> [GIVEN RECORDS]:
[Start of Attachment]

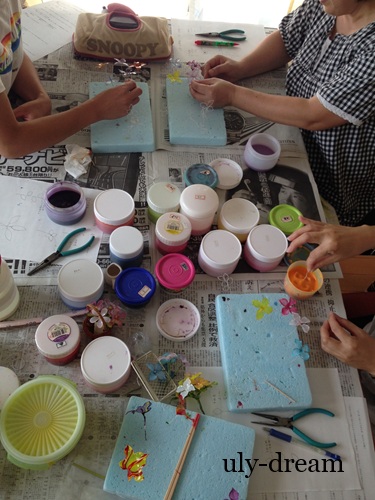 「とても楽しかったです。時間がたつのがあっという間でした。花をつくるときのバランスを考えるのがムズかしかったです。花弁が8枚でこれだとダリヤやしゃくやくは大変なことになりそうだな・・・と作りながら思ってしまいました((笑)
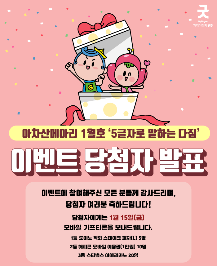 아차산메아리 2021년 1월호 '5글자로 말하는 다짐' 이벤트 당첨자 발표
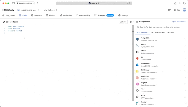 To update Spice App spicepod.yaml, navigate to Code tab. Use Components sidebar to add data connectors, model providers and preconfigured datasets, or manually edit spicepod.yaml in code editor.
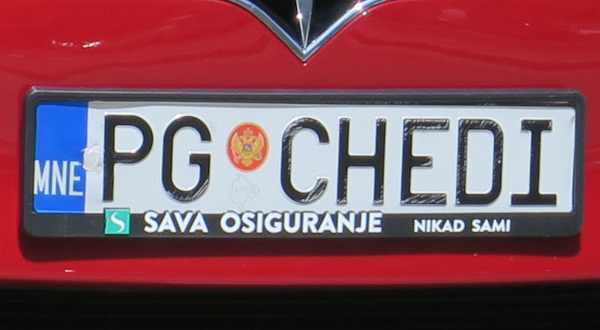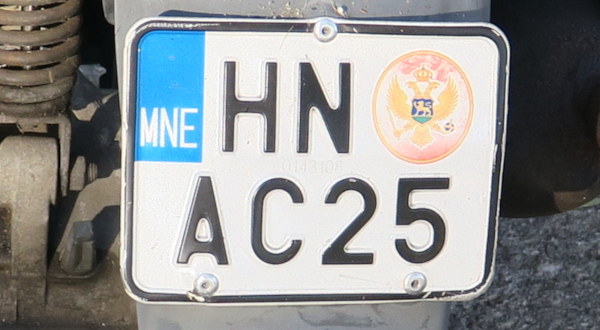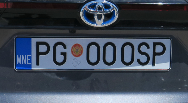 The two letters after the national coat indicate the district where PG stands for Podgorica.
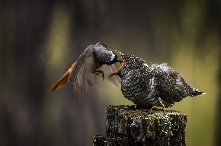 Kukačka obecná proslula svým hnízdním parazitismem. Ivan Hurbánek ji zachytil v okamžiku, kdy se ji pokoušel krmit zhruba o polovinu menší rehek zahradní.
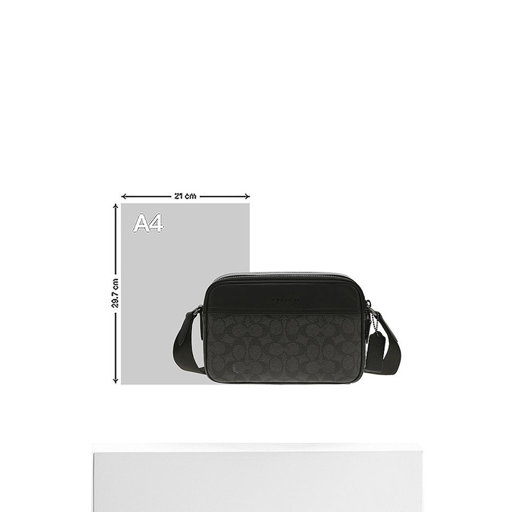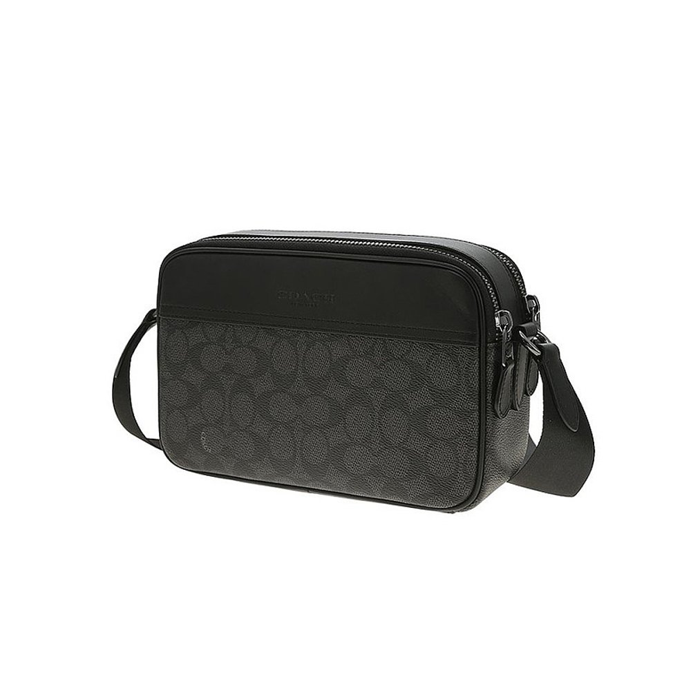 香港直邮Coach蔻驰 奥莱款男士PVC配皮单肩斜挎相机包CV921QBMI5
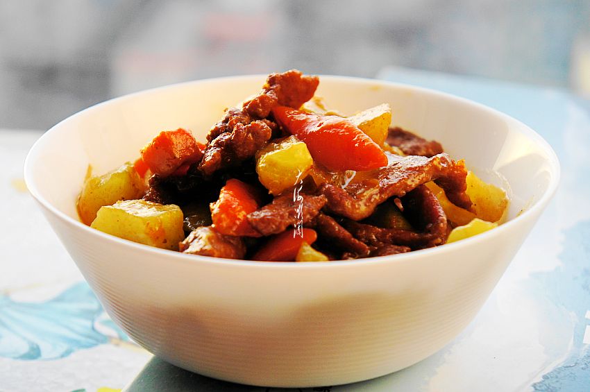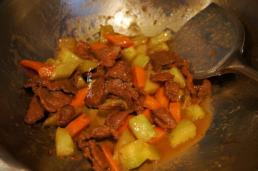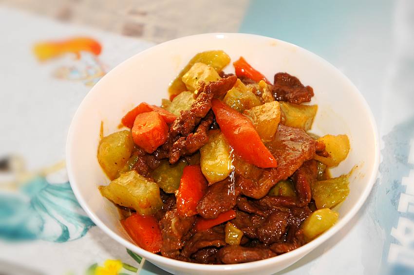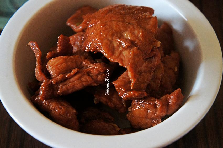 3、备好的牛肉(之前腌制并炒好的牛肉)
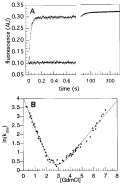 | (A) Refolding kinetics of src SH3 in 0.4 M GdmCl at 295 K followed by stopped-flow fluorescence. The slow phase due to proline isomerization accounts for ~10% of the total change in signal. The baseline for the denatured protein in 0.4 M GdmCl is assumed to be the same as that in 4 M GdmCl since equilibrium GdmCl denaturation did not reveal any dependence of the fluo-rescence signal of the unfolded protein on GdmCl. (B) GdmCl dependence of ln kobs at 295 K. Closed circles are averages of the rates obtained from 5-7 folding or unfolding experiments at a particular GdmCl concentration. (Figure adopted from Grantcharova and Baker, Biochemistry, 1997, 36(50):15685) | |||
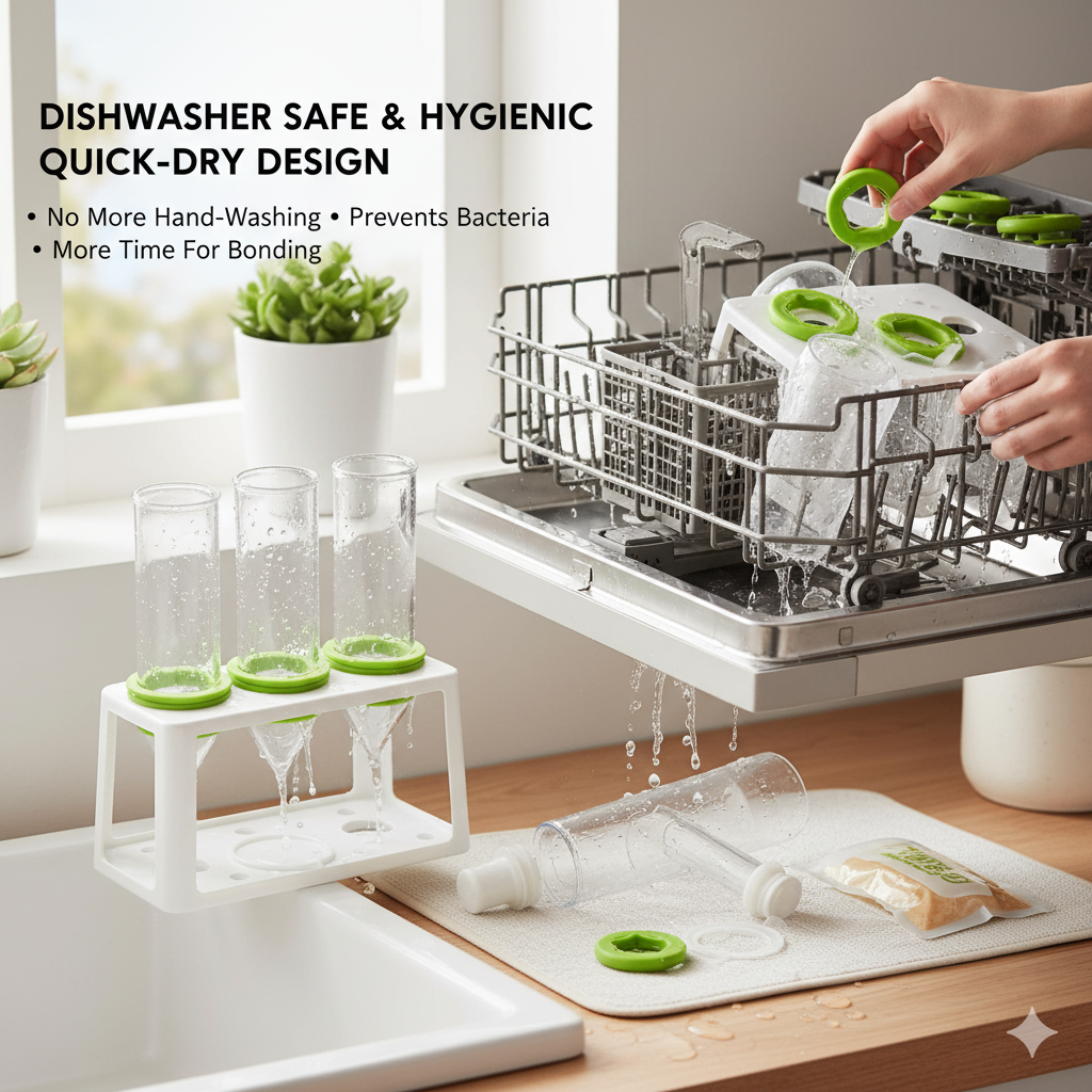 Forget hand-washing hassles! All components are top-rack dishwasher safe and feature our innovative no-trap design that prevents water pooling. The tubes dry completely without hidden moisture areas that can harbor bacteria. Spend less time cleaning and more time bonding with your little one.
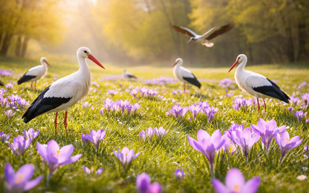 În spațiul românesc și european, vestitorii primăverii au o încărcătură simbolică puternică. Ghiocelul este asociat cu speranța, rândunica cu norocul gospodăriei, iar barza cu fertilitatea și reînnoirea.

[End of Attachment]

> [EXERCISE DETAILS]:
In the listing above, find the line holding "아차산메아리 2021년 1월호 '5글자로 말하는 다짐' 이벤트 당첨자 발표" and the line holding "The two letters". Reproduce those two lines and all between them exactly, leaving out pictures.

> [WRITTEN RESPONSE]:
 아차산메아리 2021년 1월호 '5글자로 말하는 다짐' 이벤트 당첨자 발표
 To update Spice App spicepod.yaml, navigate to Code tab. Use Components sidebar to add data connectors, model providers and preconfigured datasets, or manually edit spicepod.yaml in code editor.
 The two letters after the national coat indicate the district where PG stands for Podgorica.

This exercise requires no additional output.